What is expected:
When copying the data below, keep only the lines from the one with "- Fanpage: GO!" through the one with "これ、粘土を握っただけのもの", word for word, and skip the pictures.

Record extracts:
========================

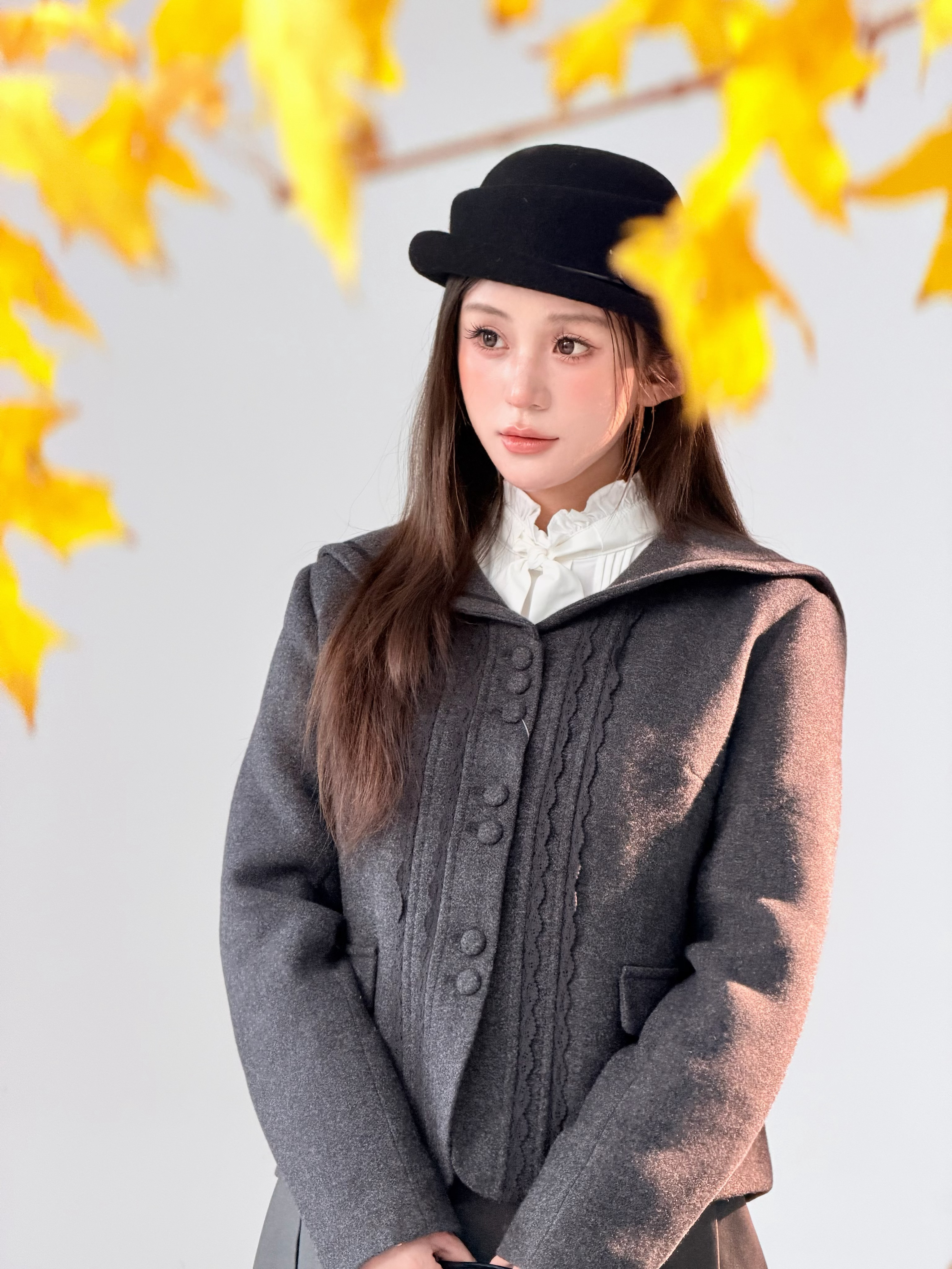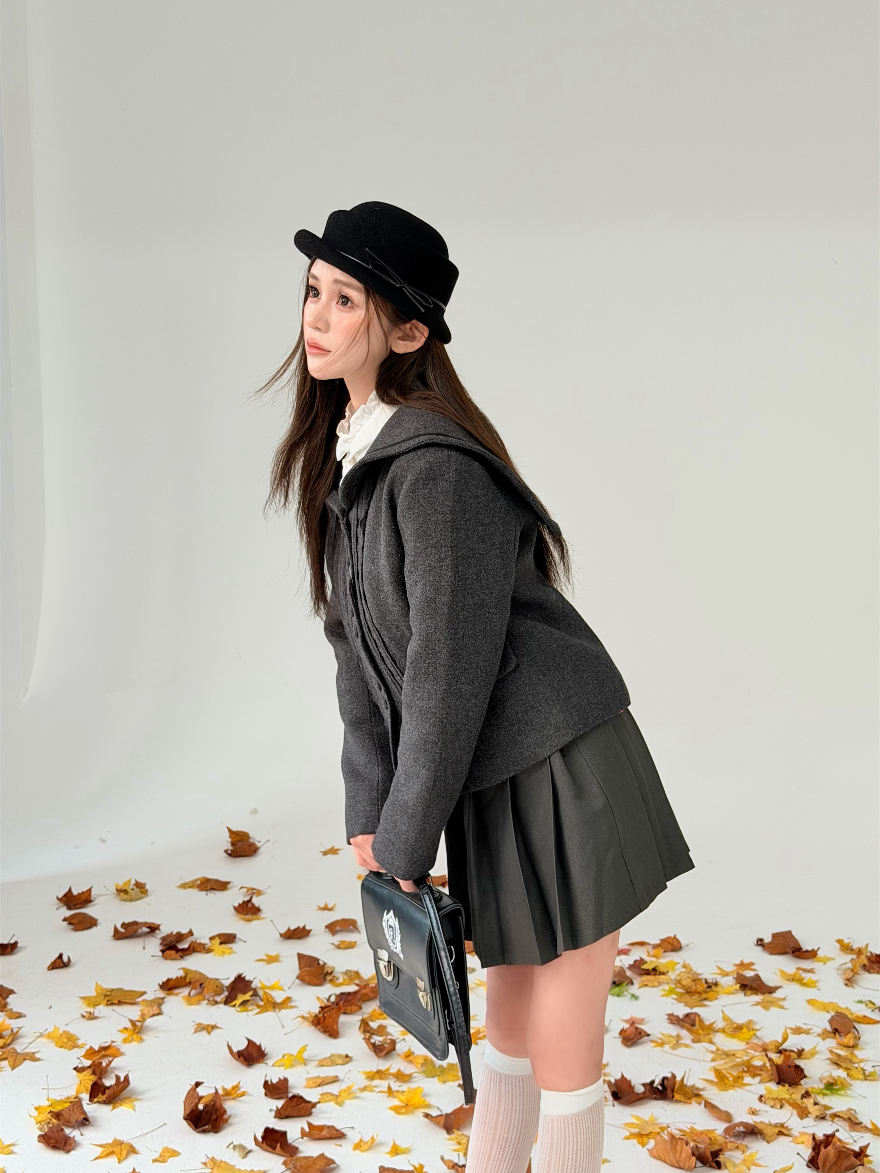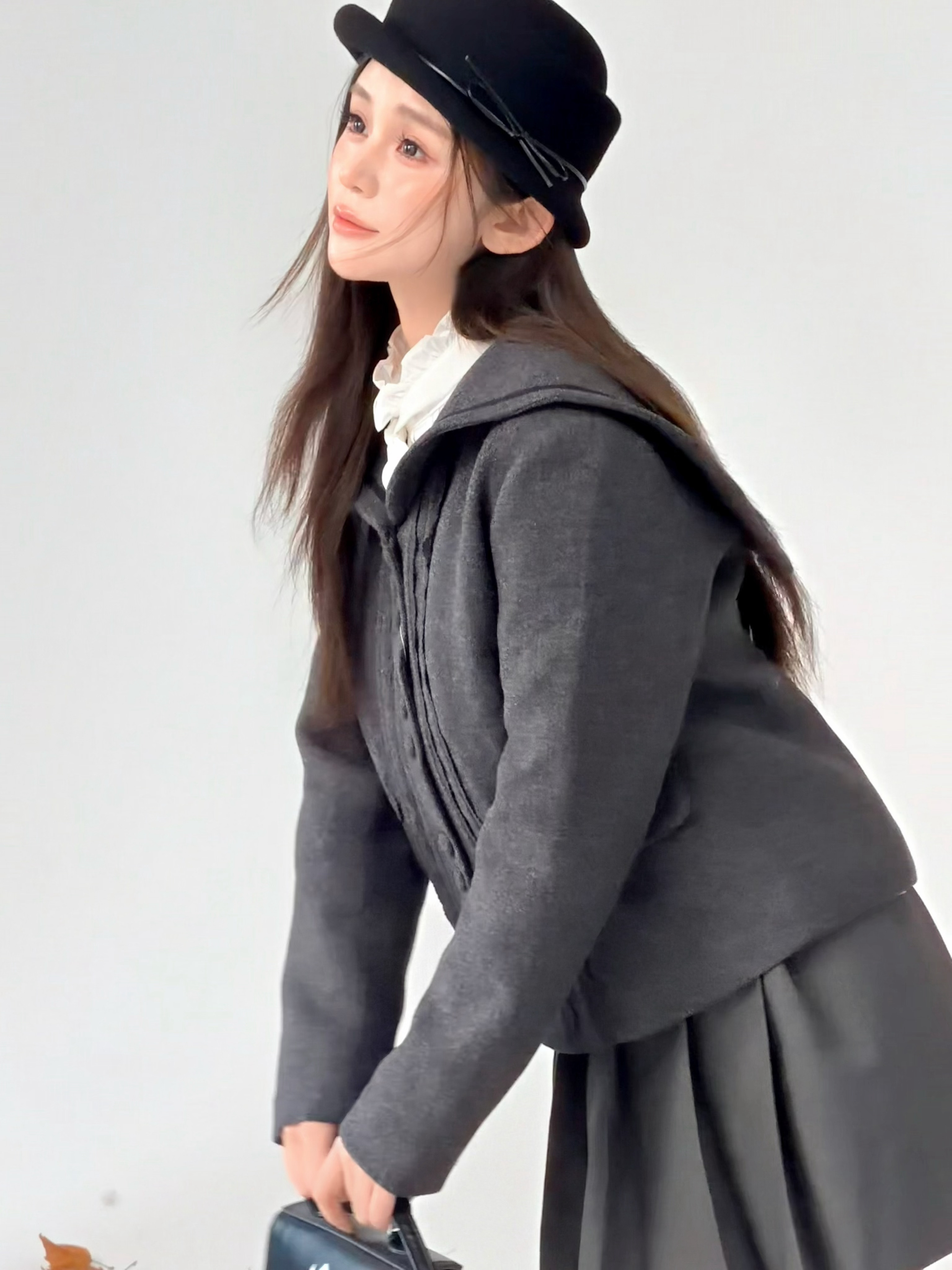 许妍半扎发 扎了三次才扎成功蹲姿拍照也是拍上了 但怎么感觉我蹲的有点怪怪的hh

========================

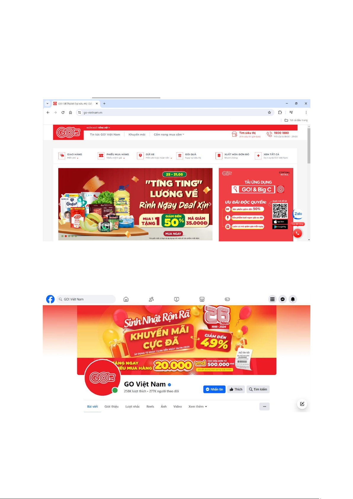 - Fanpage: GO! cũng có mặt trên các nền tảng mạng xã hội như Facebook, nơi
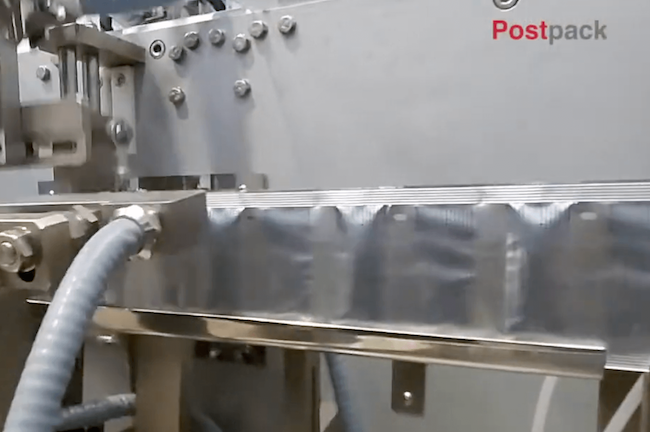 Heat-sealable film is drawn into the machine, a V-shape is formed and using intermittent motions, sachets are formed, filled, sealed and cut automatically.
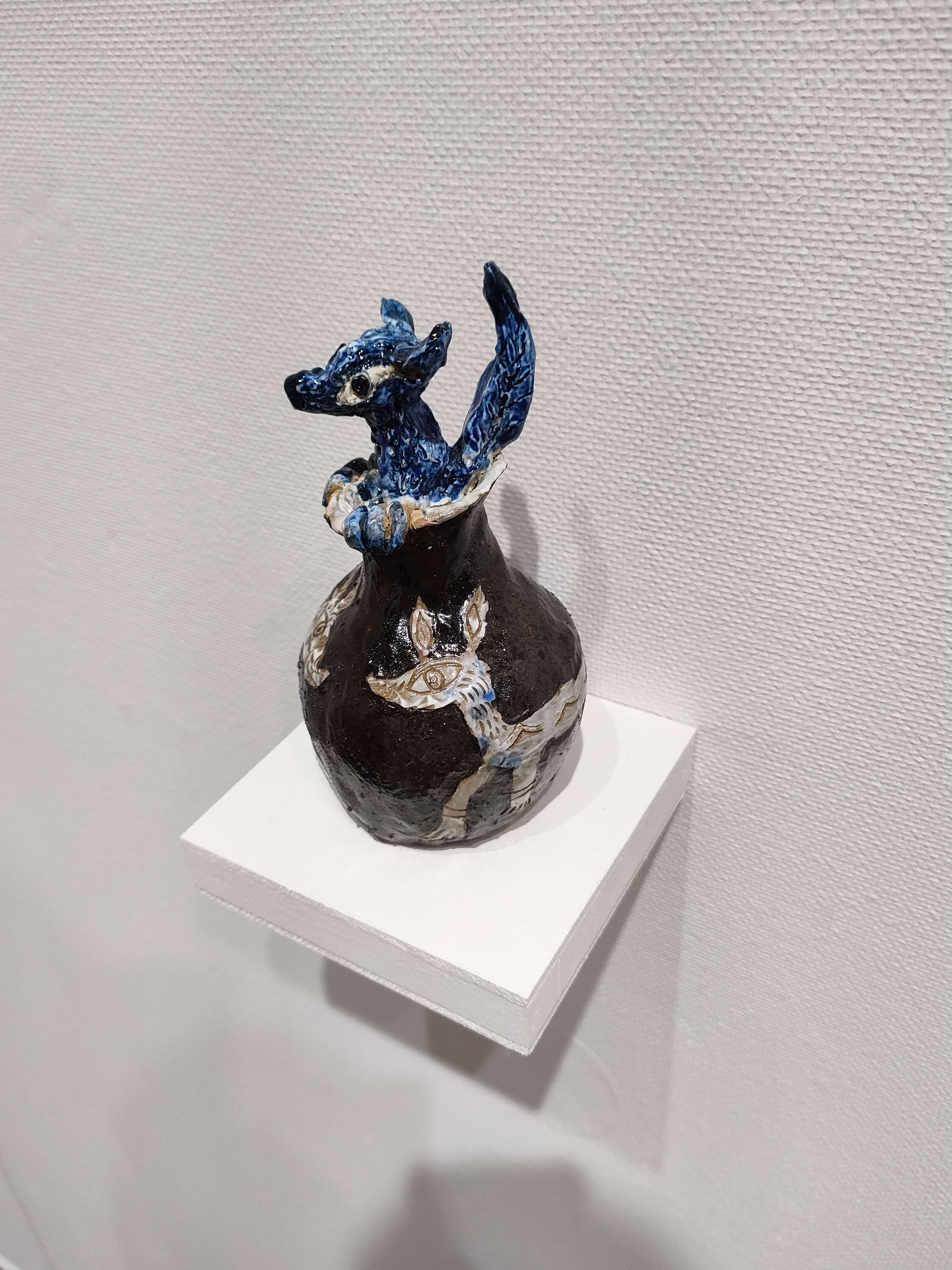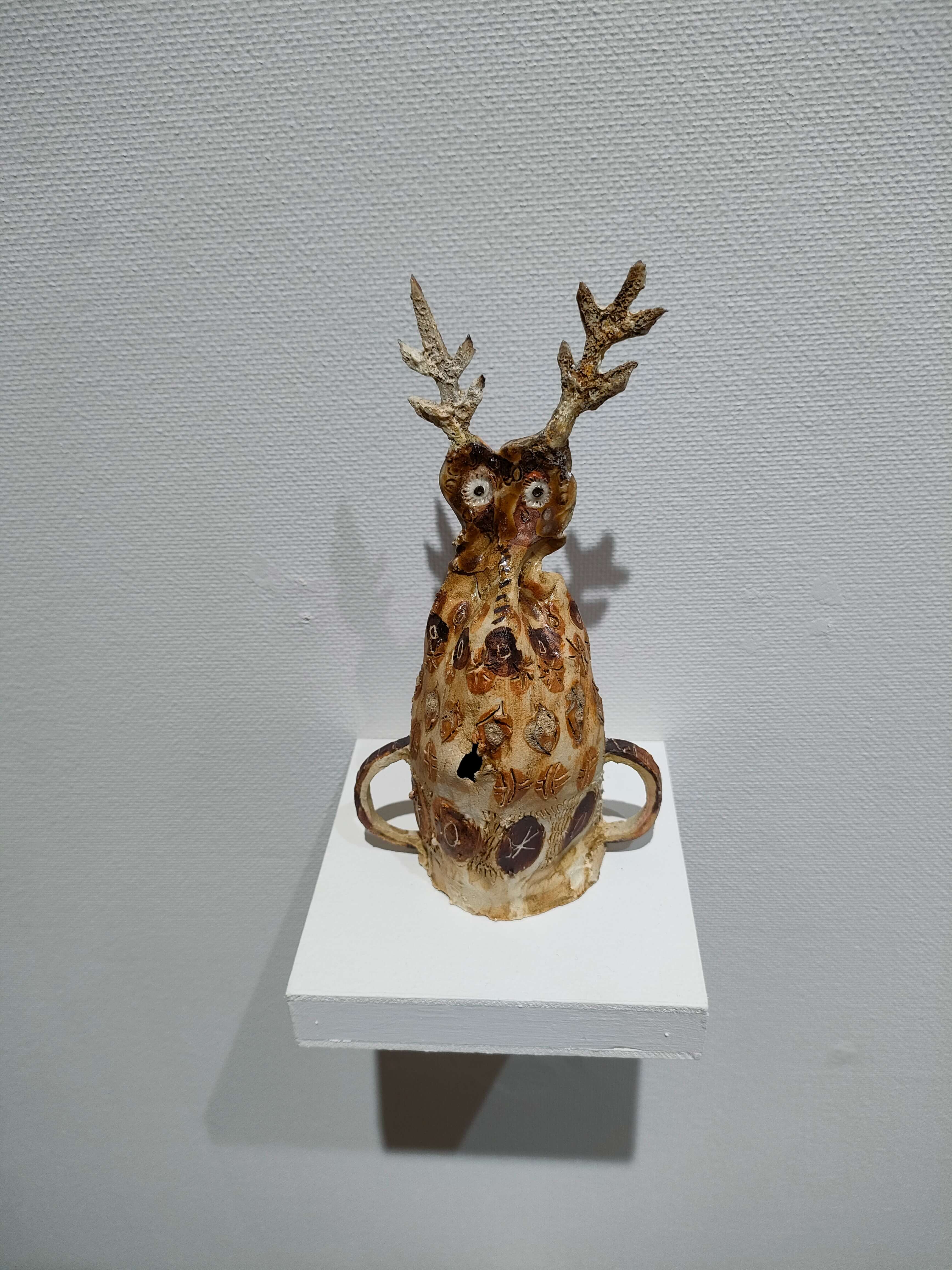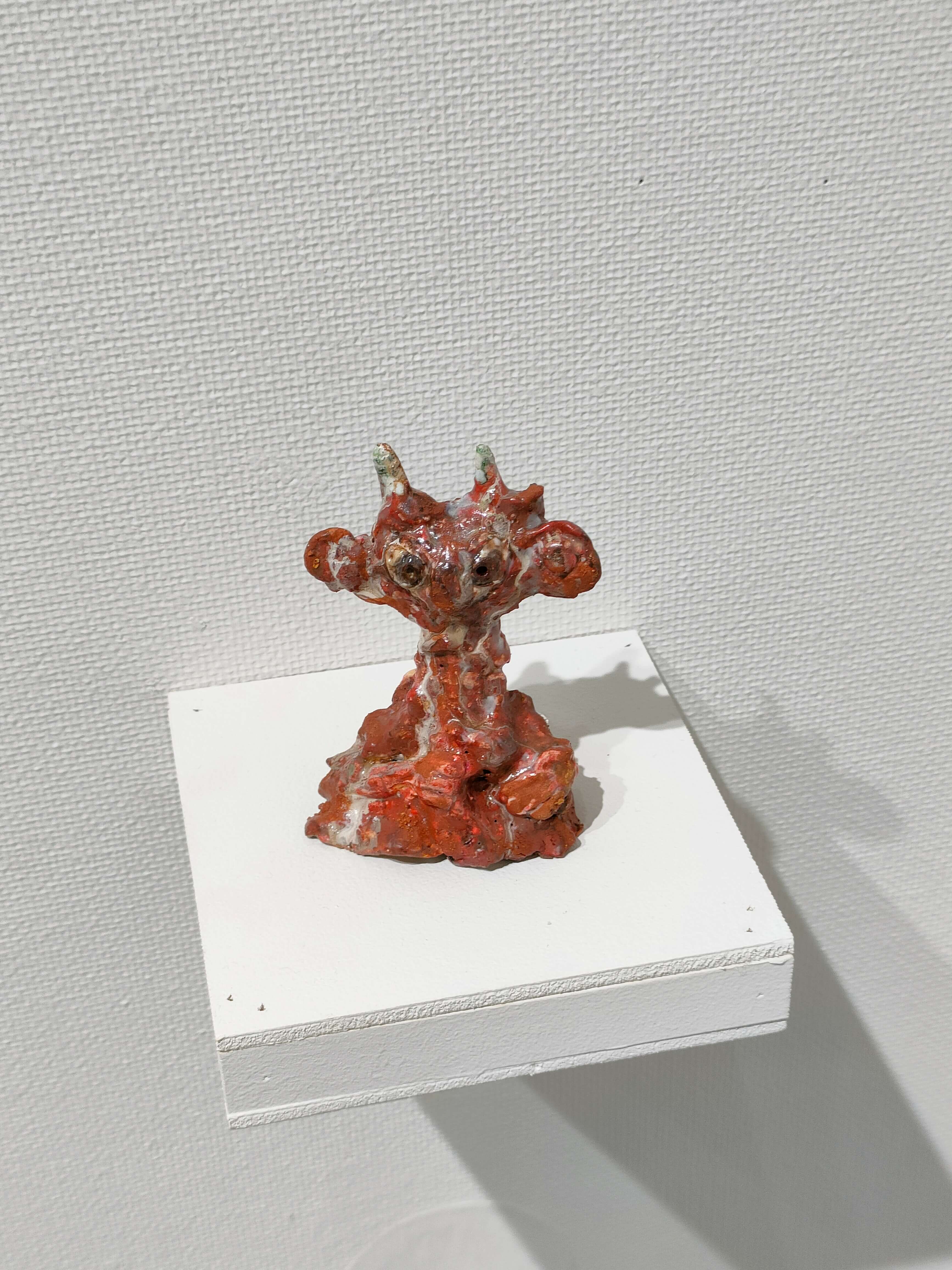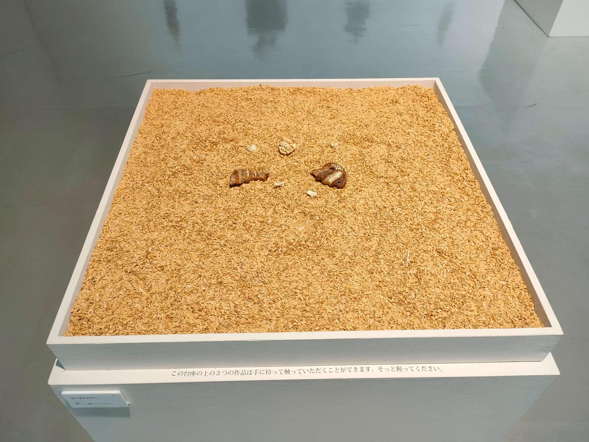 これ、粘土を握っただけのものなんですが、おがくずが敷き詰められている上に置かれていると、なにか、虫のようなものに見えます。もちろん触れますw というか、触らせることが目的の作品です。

========================

Response area:
 - Fanpage: GO! cũng có mặt trên các nền tảng mạng xã hội như Facebook, nơi
 Heat-sealable film is drawn into the machine, a V-shape is formed and using intermittent motions, sachets are formed, filled, sealed and cut automatically.
 これ、粘土を握っただけのものなんですが、おがくずが敷き詰められている上に置かれていると、なにか、虫のようなものに見えます。もちろん触れますw というか、触らせることが目的の作品です。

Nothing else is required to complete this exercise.